The stadium, which is expected to cost £5m a year to run, will now remain in public ownership and the OPLC will try and find a range of tenants willing to pay rental on it use, who are expected to include West Ham.
The estimated £50m cost of converting the venue from its Games time capacity of 80,000 to 60,000, will now be drawn from OPLC funds.
And it is also expected retaining an athletics use will be a central demand of any future tender process, which begs the question why this caveat wasn’t part of the original negotiations.
The move has been hailed as “fantastic news” by UK Athletics chairman Ed Warner, whose sport is the big winner, despite committing no funding to the venue and refusing to base their headquarters there, preferring a move to Birmingham’s Alexander Stadium.

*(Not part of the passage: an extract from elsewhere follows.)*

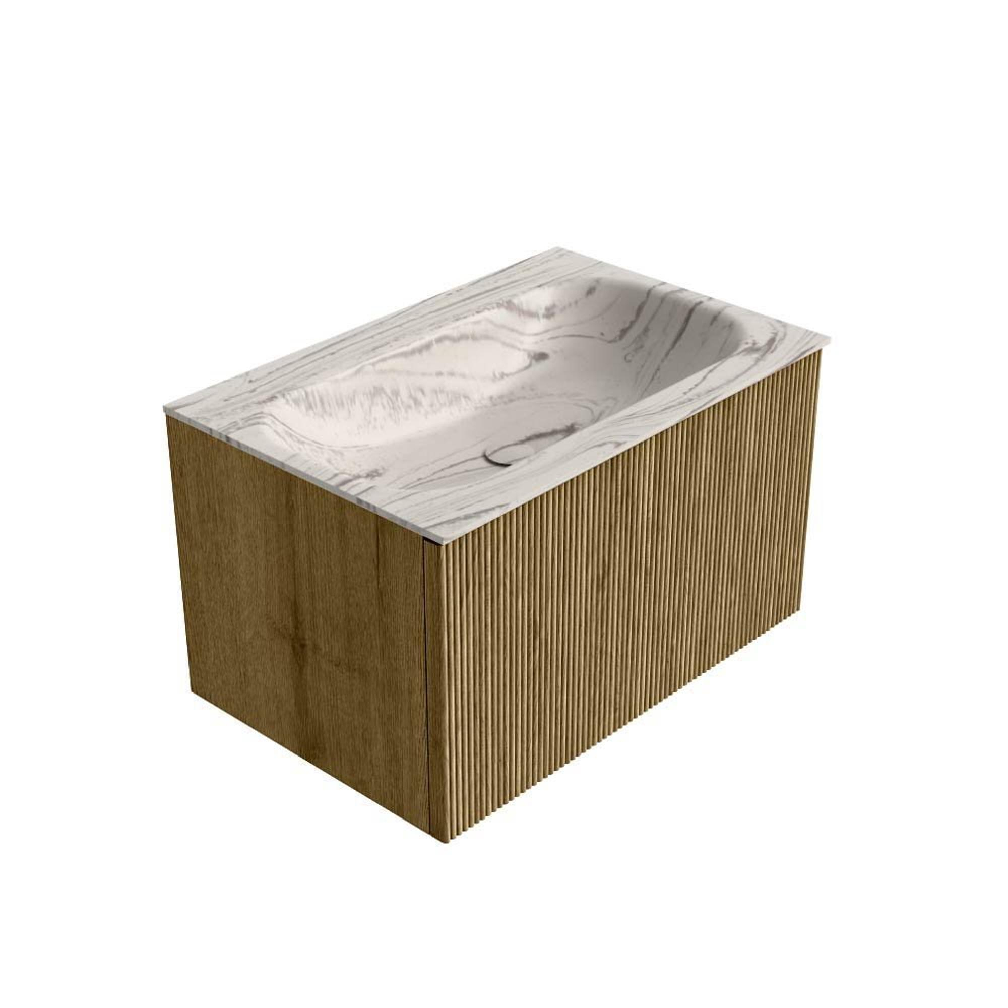 La forme frontale semi-circulaire combinée aux rainures verticales confère à ce meuble un véritable caractère design. La couleur Dusk, inspirée des tons de bois chauds, crée une base apaisante et naturelle qui se marie bien aussi bien avec des carreaux clairs qu’avec des accents foncés. La structure verticale a en outre un effet de rajeunissement sur l’espace : le regard est littéralement guidé vers le haut, ce qui donne l’illusion d’une salle de bains plus haute et plus spacieuse. C’est donc un choix astucieux si vous souhaitez créer, avec un meuble relativement compact, un élément accrocheur et luxueux. En jouant avec des accessoires par exemple en noir, en chrome ou en or brossé, vous pouvez facilement imposer votre propre style, tandis que le meuble lui-même reste intemporel.

Sports minister Hugh Robertson claimed the decision, clearly designed to outflank Tottenham and Leyton Orient, who were angry about the prospect of West Ham moving so close to their current home, brought “certainty” to the process.

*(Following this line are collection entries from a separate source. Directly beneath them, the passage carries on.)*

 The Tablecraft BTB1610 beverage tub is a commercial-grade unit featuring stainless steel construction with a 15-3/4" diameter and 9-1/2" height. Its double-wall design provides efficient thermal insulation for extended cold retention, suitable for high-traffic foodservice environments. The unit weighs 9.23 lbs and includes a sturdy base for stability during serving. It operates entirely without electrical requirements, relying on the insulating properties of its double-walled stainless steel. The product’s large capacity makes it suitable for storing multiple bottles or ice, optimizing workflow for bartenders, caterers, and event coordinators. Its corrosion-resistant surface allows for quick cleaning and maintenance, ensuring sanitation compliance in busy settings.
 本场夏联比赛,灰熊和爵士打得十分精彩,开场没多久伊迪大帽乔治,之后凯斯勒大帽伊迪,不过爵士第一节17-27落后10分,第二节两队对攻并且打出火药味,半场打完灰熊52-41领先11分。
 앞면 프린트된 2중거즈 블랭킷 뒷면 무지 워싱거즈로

“I am confident that this decision is the best way to ensure we have certainty over the stadium’s future,” Robertson told the BBC.
“I believe it will also put us in the place where we always intended to be – delivering a lasting sustainable legacy for the stadium backed up by a robust but flexible business plan that provides a very good return to the taxpayer.”
However, West Ham, who since they won their stadium bid have been relegated to English football’s second tier of clubs, insist they still want to move.
In a joint statement with Kim Bromley-Derry, chief executive of the London Borough of Newham, Hammers vice chairman Karren Brady said: “We would welcome a move by OPLC and government to end that uncertainty and allow a football and athletics stadium to be in place by 2014 under a new process.
“If the speculation is true, West Ham will look to become a tenant of the stadium while Newham will aim to help deliver the legacy.
“The true legacy of London 2012 will be the creation of jobs and a generation of young people inspired by sport based around a community home for all by 2014. We remain committed to help deliver that legacy promise to the people of London and the nation.”